Now that I've provided full disclosure on my feelings toward run-of-the-mill Goldfish, it's time to flip through the Grahams S'mores version. Dive right in and you'll find three types of fish swimming around in the foil packaging: graham cracker, chocolate cracker, and marshmallow.

We could bait the comments section and debate which of the three fish tastes best (hint: it's the graham cracker). I don't think that's fully understanding the the way these are meant to be consumed, though. The crackers aren't to be eaten in a small-scale, one-at-a-time manner. They're supposed to be strung one after another down the gullet, as if there's a line between the bag and your mouth.

Eating that way causes the flavors to run together, resulting in a surprisingly good approximation of s'mores. The gooey texture and sticky fingers aren't there, of course. But that's not such a bad thing. You could eat these in front of the computer without having to worry about gumming up your keyboard for all eternity, for instance.

There is one shortcoming I feel compelled to note, however. The size of the marshmallow fish is simply too small. If the graham crackers and chocolate crackers are goldfish, the marshmallows are sardines. This seems to be nothing more than cost-cutting gone wild, and it bothers me a bit.

Still, the flavor impact is minimal, thanks mostly to the fact that marshmallows are overpoweringly sweet. So Pepperidge Farm is off the hook for that particular infraction. I'm going to have to give Grahams S'mores Goldfish four-and-a-half sporks out of five. They'd make excellent provisions for any camping trip.

December 7, 2012

Humbug to Subway's December deals

The pictured sandwich isn't any of the numerous options that are great deals at Subway this December. Too many choices left your food critique's decision-making skills paralyzed, making a sandwich-shop visit impossible and forcing the blog to go with this public-domain photo from Wikimedia.

Ah, December! A time of cookies, eggnog, meat-and-cheese baskets, and chocolate Advent calendars! A time, in other words, when “too much of a good thing” gives way to “too many of multiple good things.”

Subway decided to jump into the over-the-top boat this month by offering not just its usual $5 Footlong deal -- my love for which I’ve previously documented -- but by throwing in a pair of even better sub steals. The ubiquitous sandwich shops are selling 6-inch Meatball Marinara subs and 6-inch Cold Cut Combos for just $2 apiece as part of “Customer Appreciation Month.”

This isn’t the first time Subway’s done 6-inch sandwiches for $2. But it is the first time I have a complaint about it: I'm overwhelmed.

See, the Meatball Marinara and Cold Cut Combo are good sandwiches. Unfortunately for those of us who order based on price, so is this month’s $5 Footlong, the Western Egg & Cheese. Throw some Chipotle Southwest Sauce on that thing and you’ve got yourself a real winner.

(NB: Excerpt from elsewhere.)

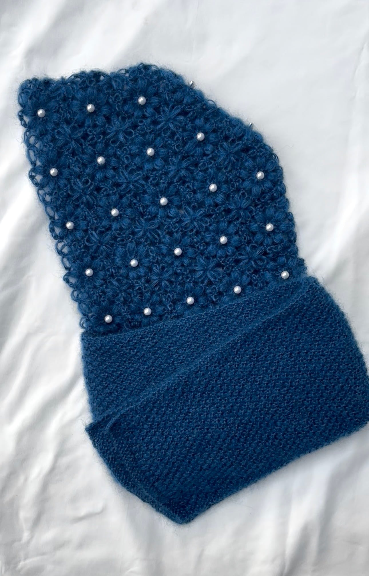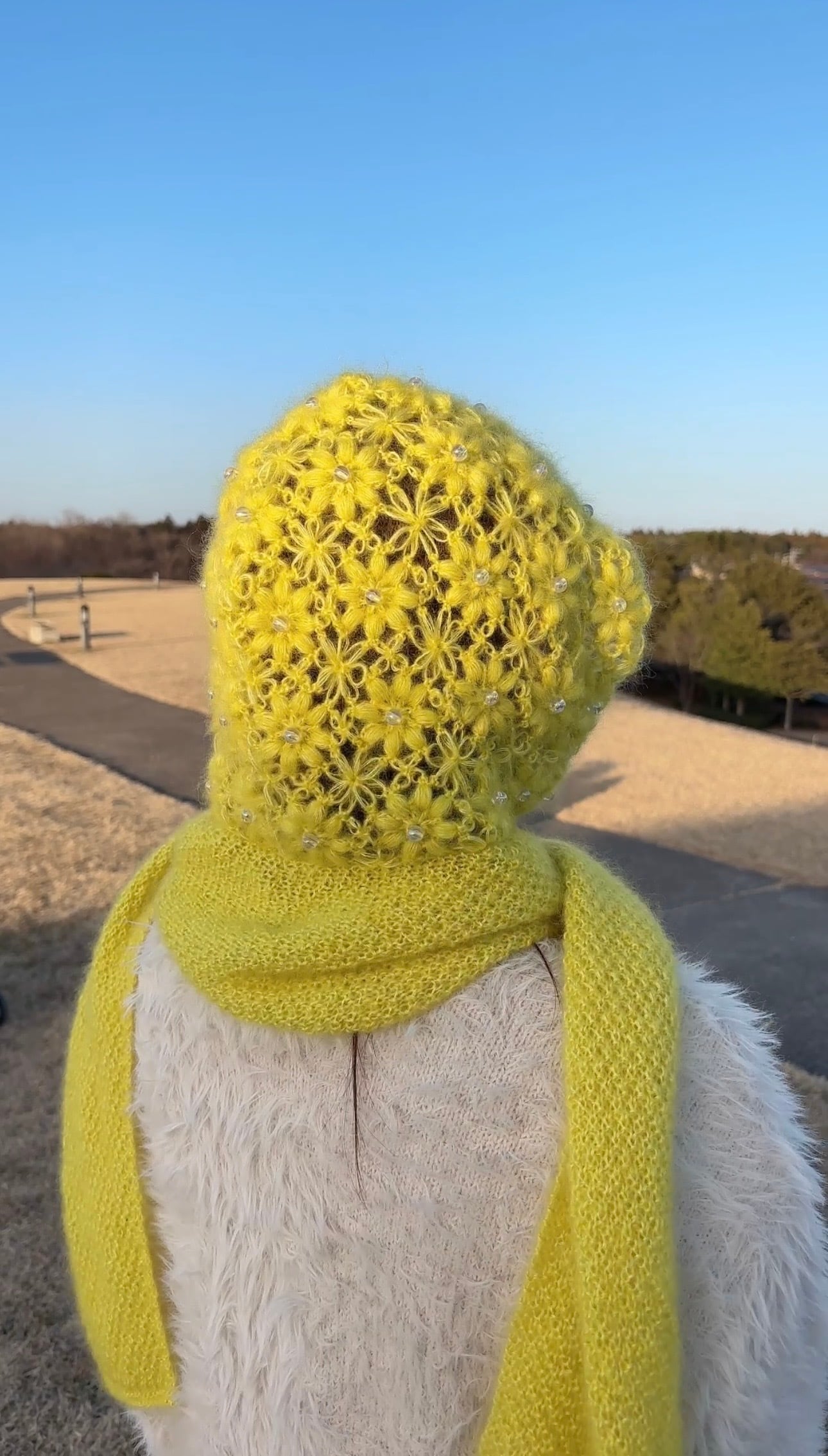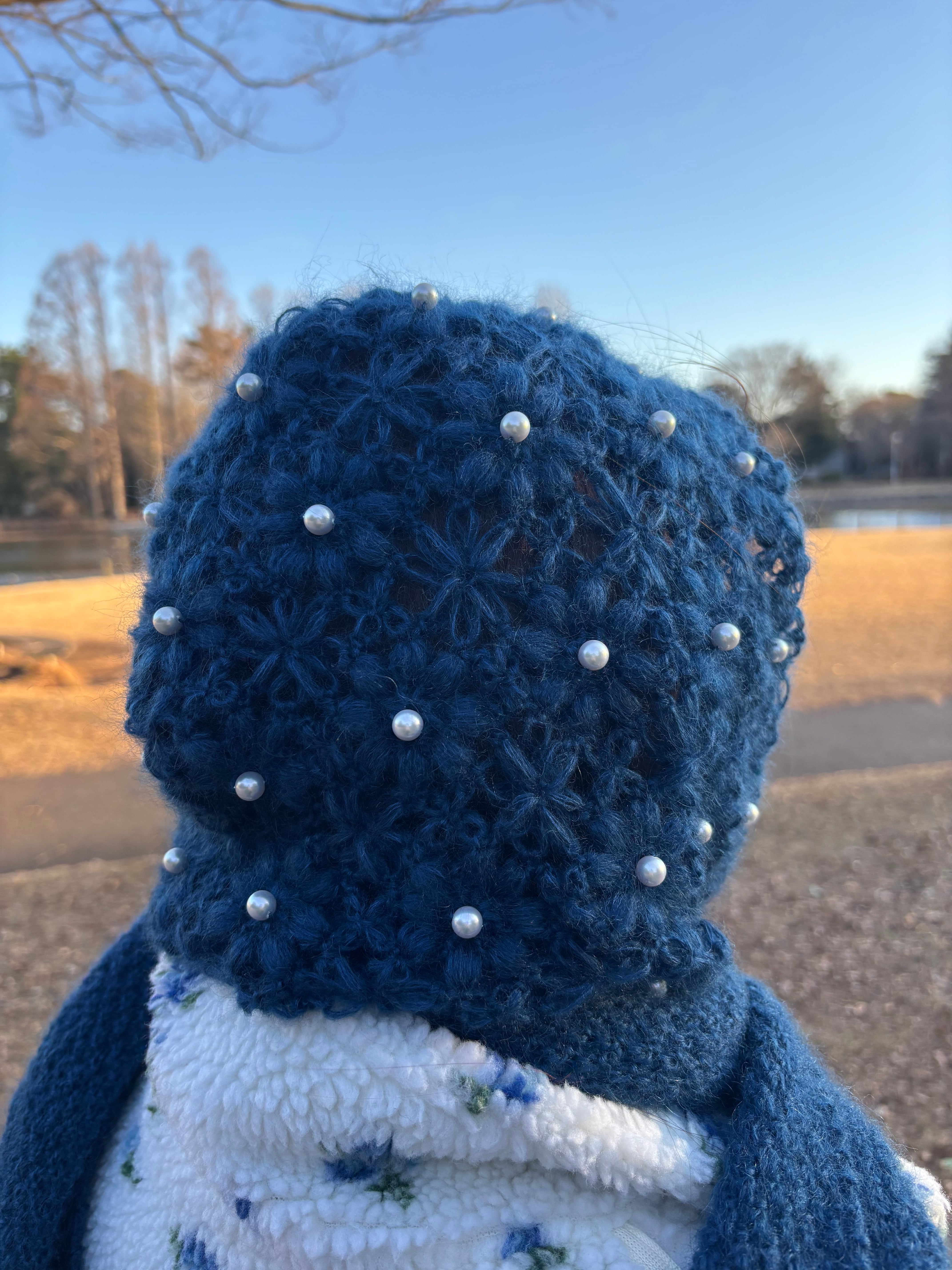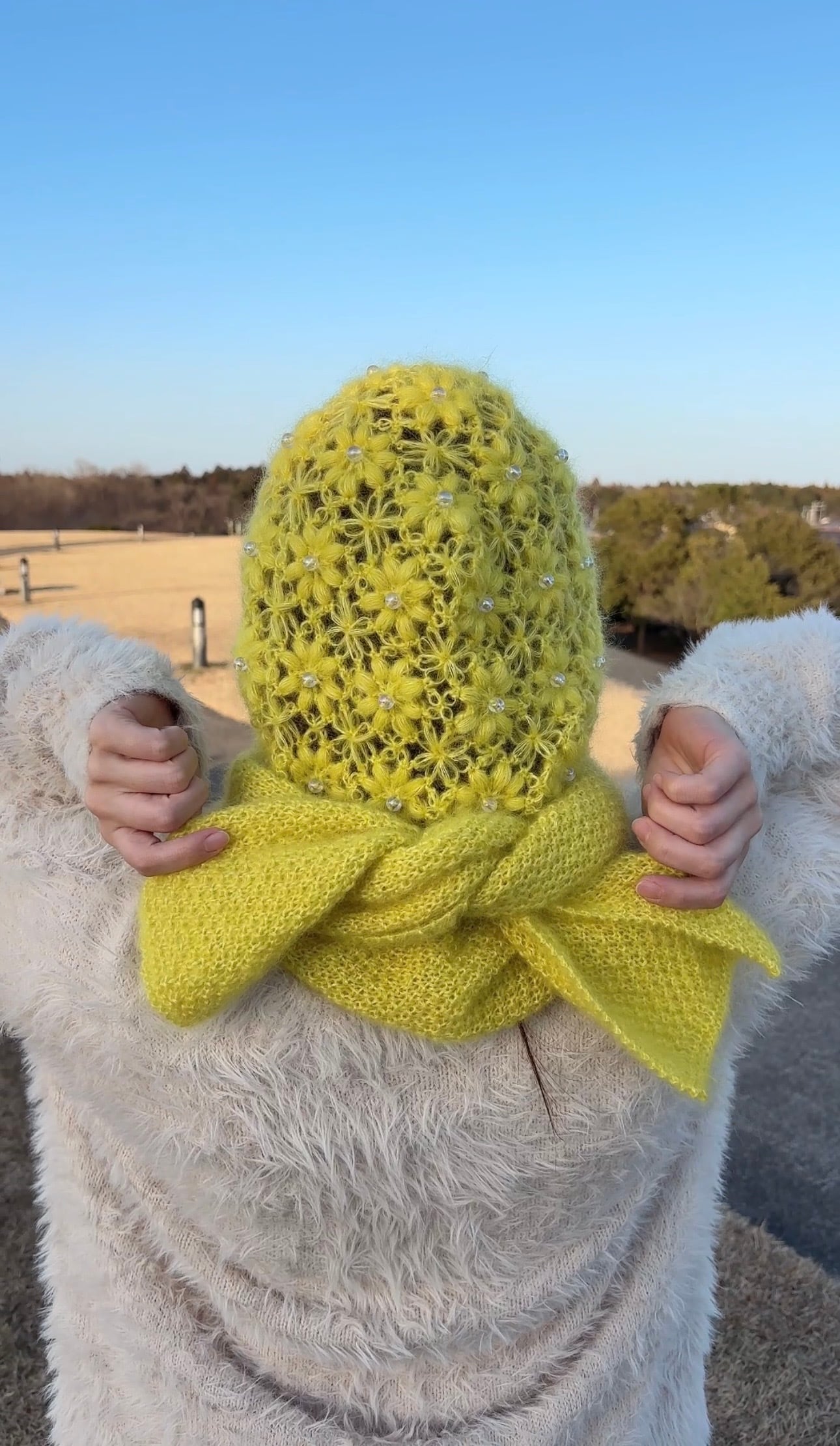 フード部分はかぎ針編み、

You could argue that we don’t have a problem. The $2 subs are cheaper, since you can order a pair for $4 -- which is, after all, less expensive than the $5 you’d shell out for the 12-incher of the month. That argument doesn't take into account the timing of your orders, however.

Egg-based subs aren't normally available at Subway past breakfast hours. That restriction comes off when one of them is the month’s $5 Footlong. Meaning this month, we’re forced to choose between taking advantage of special extended ordering hours and frugality.

Subway could have avoided this whole mess by simply offering its $2 subs during a month that had a less-appetizing $5 Footlong. Might I suggest a month with the Chimera-esque Oven Roasted Chicken with Spinach? Perhaps the Jalapeno Tuna?

I’m sorry to Scrooge over this. I’d just rather have a December holiday from hard choices.